Vol. 4 Issue 16 / May 10, 2004

Ribozyme Reversal of Fortunes

By Jason Socrates Bardi

"The one duty we owe to history is to rewrite it."

—Quote attributed to Oscar Wilde (1854–1900)

Ten years ago, a group of scientists who were all working in the field of RNA processing met at the annual meeting of the RNA Society in Madison, Wisconsin to discuss their latest research.

Their field had gone through a lot in the previous decade. RNA processing encompasses the biochemical mechanisms through which RNA chains are edited—cut and pasted into new RNA chains, much as individual shots in a movie are spliced together by an editor to make a scene. And until the early 1980s, scientists had assumed that only proteins spliced RNA. For that matter, scientists had assumed that only proteins could carry out any enzymatic reaction at all.
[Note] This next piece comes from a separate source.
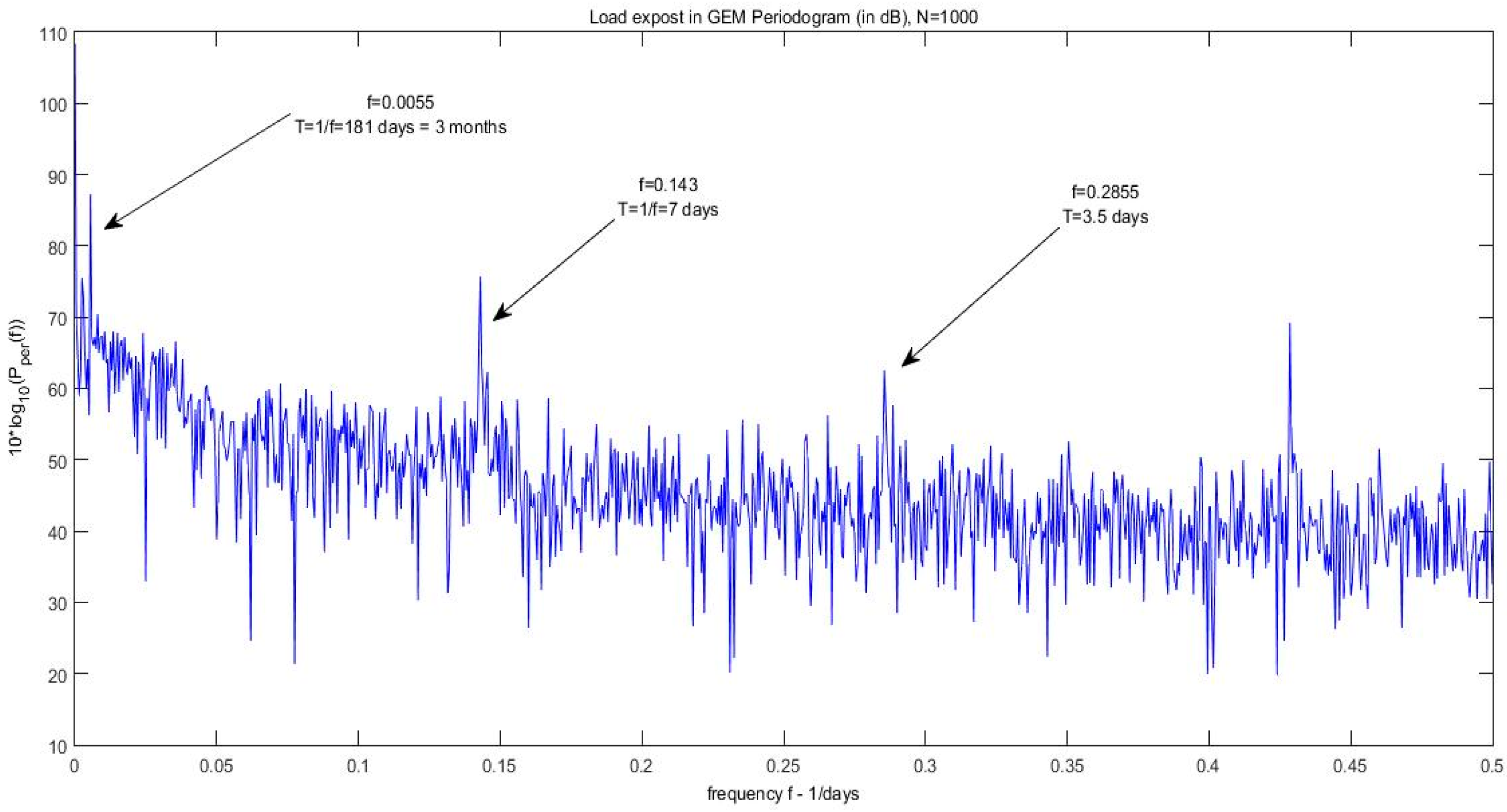 In this section we also identify the cyclical patterns of load for the period 2004 to 2014. This can be done by decomposing our signals which contain cyclical components in its sinusoidal functions, expressed in terms of frequency i.e., cycles per unit time, symbolized by ω. The period, as we know, is the reciprocal of ω i.e., T = 1/ω. Since our signal is expressed in daily terms, a weekly cycle is obviously 1/0.4128 = 7 days or 1/52.14 = 0.0192 years expressed annually. A typical tool for revealing the harmonics or spectral components is the periodogram. Let our set of signal measurements or the load time series is {xi, i = 1,…n}, then the periodogram is given as follows:

In 1982, however, Tom Cech at the University of Colorado Boulder made the completely unexpected discovery that RNA from a unicellular protozoan called Tetrahymena thermophila could perform auto-splicing. Cech shared the Nobel Prize in Chemistry in 1989 with Sidney Altman for his discovery of RNA molecules with catalytic function, and this opened up a whole new field for scientists: the structure, function, and mechanism of action of RNA enzymes.

Scripps Research Institute Associate Professor Martha Fedor was a postdoctoral fellow in the Boulder laboratory of Olke Uhlenbeck in 1989, and was next door to Cech when the significance of Cech's discovery was acknowledged by the Nobel committee. She did some of the first quantitative measurements of the kinetic parameters of RNA enzymes, which soon began to be called "ribozymes."

Fedor, who is now a member of The Skaggs Institute for Chemical Biology at Scripps Research, was still investigating RNA enzymes 10 years later when leading scientists in the ribozyme field gathered for this 1994 meeting. The mood at the meeting was one of growing confidence and elation. Dozens of ribozymes had been characterized, and the way in which they catalyzed reactions was known: ribozymes had to bind to metal cofactors to function. In fact, some scientists were so confident of this that they had taken to calling ribozymes "metalloenzymes."

But this confidence was misplaced.

Only a few years later, Fedor demonstrated that merely positively charged ions were needed to enable ribozymes to assemble into functional structures. Metal ions need not participate directly in catalytic chemistry.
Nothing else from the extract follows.